> _Exercise goal_:
Starting at the line that holds "Book the best", restate every line word for word up to and including the last one in the listing below, and omit all pictures.

> _Input data_:
++++++++++++++++++++

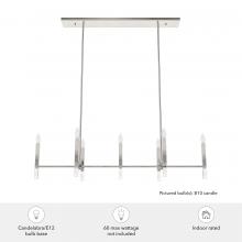Gathering under the glow of the Sunjai linear chandelier will turn your dinner into a party. Laugh and dine under this beautiful modern fixture perfect for kitchens and dining rooms. This chandelier is modern and meets glamourous with geometric adornments set into the clean-lined metal candles to add a touch of sparkle that will compliment any decor. Mix and match with other fixtures from this collection or from our ceiling fan designs.
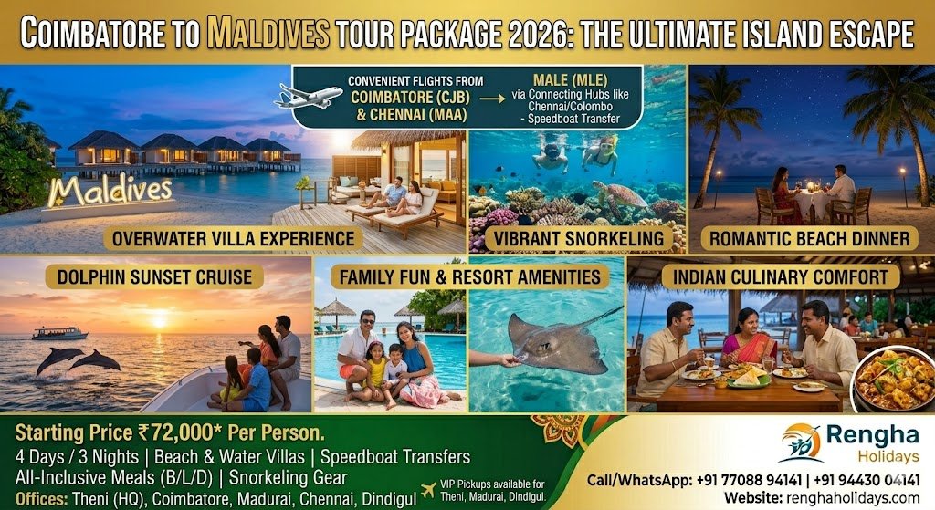 Book the best Maldives tour from Coimbatore with Rengha Holidays. 4-day 2026 packages include flights, Water Villas, transfers, and All-inclusive meals. Call 77088 94141 today!
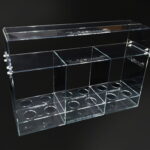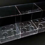 Konstrukcja stojaka jest stabilna, wykonana z mocnego i grubego akrylu, ze wzmocnieniami w punktach newralgicznych i posiada polerowane krawędzie.

++++++++++++++++++++

> _Result for this exercise_:
 Book the best Maldives tour from Coimbatore with Rengha Holidays. 4-day 2026 packages include flights, Water Villas, transfers, and All-inclusive meals. Call 77088 94141 today!
 Konstrukcja stojaka jest stabilna, wykonana z mocnego i grubego akrylu, ze wzmocnieniami w punktach newralgicznych i posiada polerowane krawędzie.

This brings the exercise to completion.